Would be pretty bad if a corp-fin job seeker doesn’t know indices.)
9. What stocks do you follow and why? (Again, a great way to show interest and focus
in corp-fin. And should ideally be started at least months before the placement. It
would take time for you to gain enough understanding to say something meaningful.)
3. Would you like to do sales or trading? Why? (Dig deep question. Find the difference
between sales and trading, talk to a couple seniors in those jobs and discover what
would excite you more. Iterate.)
4. Tell me what you think a trader (or salesperson) does. (Knowledge based. If you have
done enough asking around and searches, you’d have the raw material. Make sure you
have a good articulation too. Iterate on your answer.)
6. Why not corporate finance? (‘You’ question. Dig deep. Find why you like one over the
other. For that, do the searches and asking around. Get an idea of what it is like. The
reasons will come from your understanding of yourself as well as your research into
what is needed. But have a good reason. Iterate for best articulation.)
7. What do you think having an MBA does for you in this field? (How has MBA helped
you? What new skills and mindsets have you acquired here, apart from the knowledge
you gained? How has your perspective grown? Build a complete story. Iterate.)
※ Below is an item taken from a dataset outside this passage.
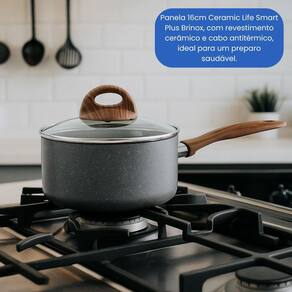 A Panela 16cm Ceramic Life Smart Plus Brinox na cor Granito é a escolha ideal para quem valoriza funcionalidade, saúde e um toque de sofisticação na cozinha. Com revestimento interno cerâmico antiaderente, ela permite preparar alimentos com menos gordura, sem grudar, garantindo uma limpeza muito mais prática. Seu design moderno e elegante na cor Granito se destaca em qualquer ambiente, unindo beleza e eficiência no dia a dia. O cabo antitérmico com toque soft proporciona maior segurança e conforto ao segurar, mesmo durante o preparo em altas temperaturas. Compatível com fogões a gás, elétrico, vitrocerâmico e por indução, é extremamente versátil para diferentes tipos de preparo. Além disso, é livre de PFOA, tornando-se uma excelente opção para quem busca uma alimentação mais saudável e consciente, sem abrir mão da durabilidade e da qualidade Brinox. Especificações Técnicas: Marca: Brinox Linha: Ceramic Life Smart Plus Modelo: Panela com tampa de vidro temperado Cor: Granito cinza escuro com efeito marmorizado Diâmetro: 16 cm Altura: 8 cm Capacidade: 1,55 Litros Comprimento total com cabo : 32 cm Material da panela: Alumínio com revestimento cerâmico antiaderente Revestimento interno: Cerâmico Mineral Resist livre de PFOA Revestimento externo: Pintura siliconada Material do cabo: Baquelite antitérmico Material da tampa: Vidro temperado com saída para vapor e borda em aço inox Compatibilidade com fogões: Gás, elétrico, vitrocerâmico e indução Marca: Não Informado Ean: 7898778880015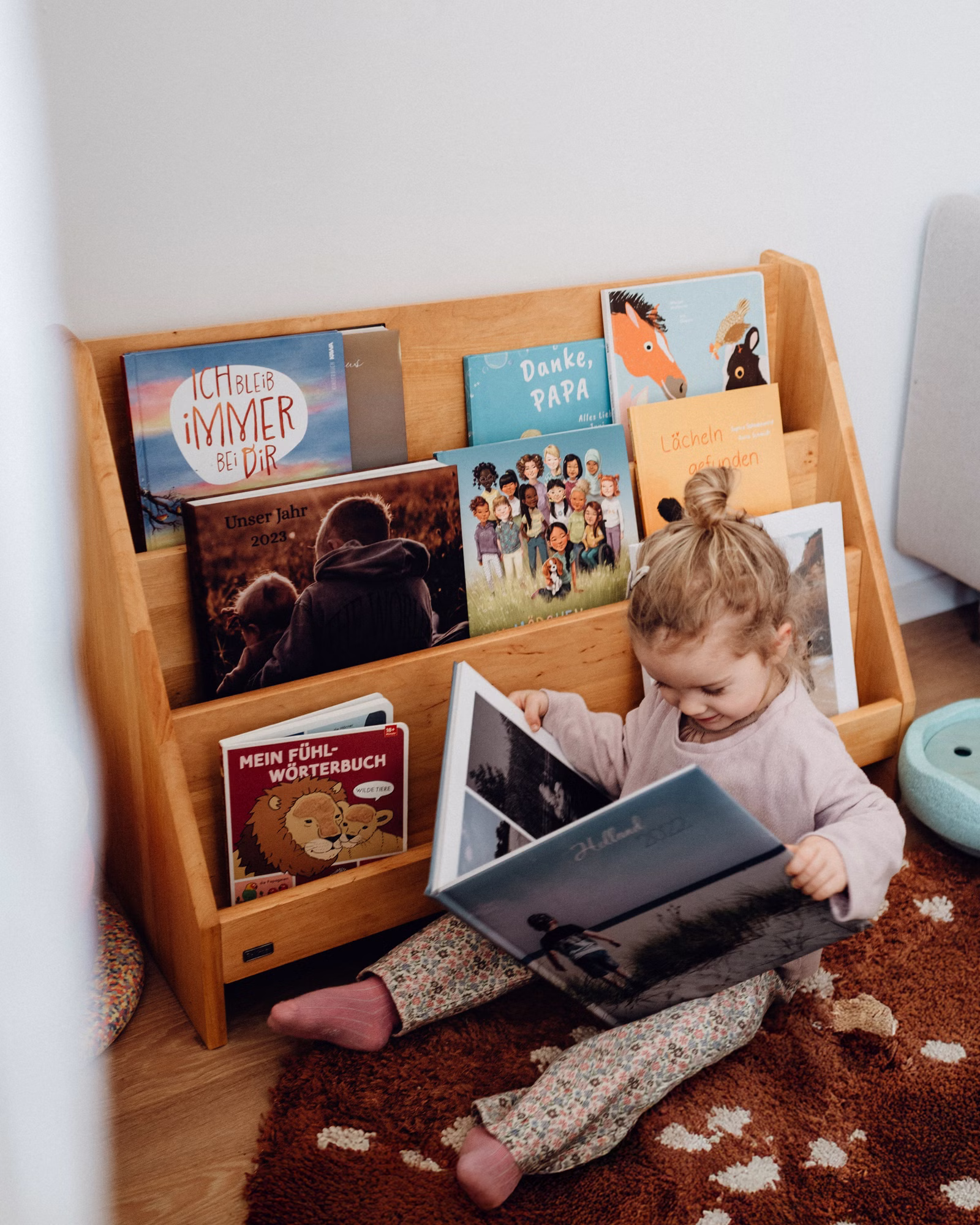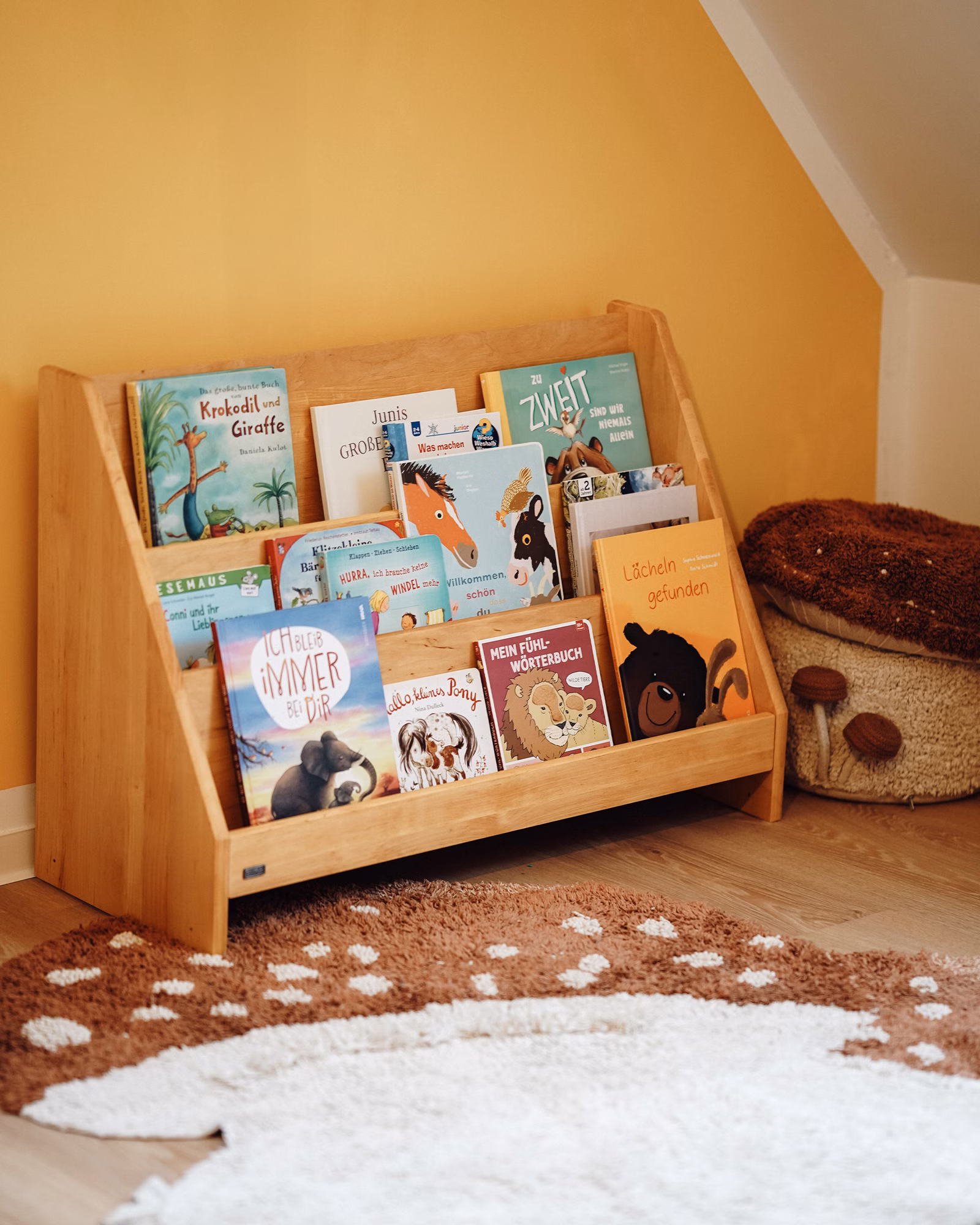 Das Robin Bücherregal kompakt ist eine wunderbare Lösung für Kindertagesstätten ebenso wie für den Einsatz zu Hause. Gefertigt aus nachhaltigem Massivholz, lässt es sich frei im Raum platzieren – ideal zum Spielen und Stöbern. Auf der Vorderseite laden großzügige Fächer dazu ein, Bücher aller Größen mit dem Cover nach vorne zu präsentieren – perfekt, um Kinder zum Entdecken, Auswählen und gemeinsamen Lesen zu motivieren. Selbst großformatige Wimmelbücher finden hier mühelos ihren Platz.

10. What about your personality will make you a good trader? (Are you a risk taker? A
hustler? Do you like intense action? Can you think on your feet? Do you have that
combativeness? What other qualities you think a trader should have? Do you have
them? Build a complete story. Iterate.)
3. How do you see your career progressing in our firm? (Do you expect yourself to do
well? Why? Can you give reasons? Are you able to show that you have done enough
work to understand what it takes to thrive in this company, as well as yourself and do
you really believe there is a match?)
4. What do you know about our industry? (Research question. Have a well-formed
hypothesis. Something that you can back up with data and defend against first level
questioning. Build a complete argument. Iterate.)
6. How does M&A activity in banking affect our industry? (Research question. Have a
defensible hypothesis. Well-articulated. Don’t go by your first answer.)
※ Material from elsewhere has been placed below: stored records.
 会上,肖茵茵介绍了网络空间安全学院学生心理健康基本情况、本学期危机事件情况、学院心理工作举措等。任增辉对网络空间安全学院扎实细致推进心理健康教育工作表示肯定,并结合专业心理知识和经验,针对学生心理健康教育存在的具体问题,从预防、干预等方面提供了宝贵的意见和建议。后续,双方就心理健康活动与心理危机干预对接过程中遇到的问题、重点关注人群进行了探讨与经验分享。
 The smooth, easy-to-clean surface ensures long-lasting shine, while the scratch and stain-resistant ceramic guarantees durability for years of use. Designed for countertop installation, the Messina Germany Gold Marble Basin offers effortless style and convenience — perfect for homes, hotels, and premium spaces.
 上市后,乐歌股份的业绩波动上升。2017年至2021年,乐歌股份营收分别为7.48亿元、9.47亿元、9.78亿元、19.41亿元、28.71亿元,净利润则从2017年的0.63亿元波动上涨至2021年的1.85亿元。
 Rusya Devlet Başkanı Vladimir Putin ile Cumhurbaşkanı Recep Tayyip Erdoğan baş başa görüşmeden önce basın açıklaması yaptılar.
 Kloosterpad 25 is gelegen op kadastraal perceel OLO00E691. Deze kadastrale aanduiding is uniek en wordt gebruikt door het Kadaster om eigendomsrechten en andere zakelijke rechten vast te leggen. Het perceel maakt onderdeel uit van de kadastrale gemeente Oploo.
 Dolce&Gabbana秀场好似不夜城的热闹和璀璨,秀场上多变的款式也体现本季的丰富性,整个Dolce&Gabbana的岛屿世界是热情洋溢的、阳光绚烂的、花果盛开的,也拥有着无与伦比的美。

7. We are having trouble managing our (division.) What do you think the key
performance metrics might be and how might you go about improving them? (Again,
in the interview, the question might throw a surprise element. But have a framework
ready for answering such questions. Know what questions to ask. What to focus on?
How to build an argument? How do you figure that all out – by solving such questions
beforehand, by building a framework.)
Questions to Ask
(Typically, the last part of the interview. Have a few questions ready from each head. Shows
you are aware and thoughtful, curious and proactive.)
Company
1. What are your company’s strengths and how do you capitalize on them?
2. What are your company’s weaknesses and how are you dealing with them?
3. How have you strategically responded to the competition?
4. Where will the major sources of your business be in the next 5 years?
5. What challenges are facing this company? Do you think your company is reacting to
them?
6. Do you have plans for expansion?
7. What are your growth projections for the next year?
8. Have you cut your staff in the last three years?
9. What is the largest single problem facing your staff/department right now?
Culture
1. What is your company’s management style?
2. How do you feel about creativity and individuality?
3. What do you like best about your job/company?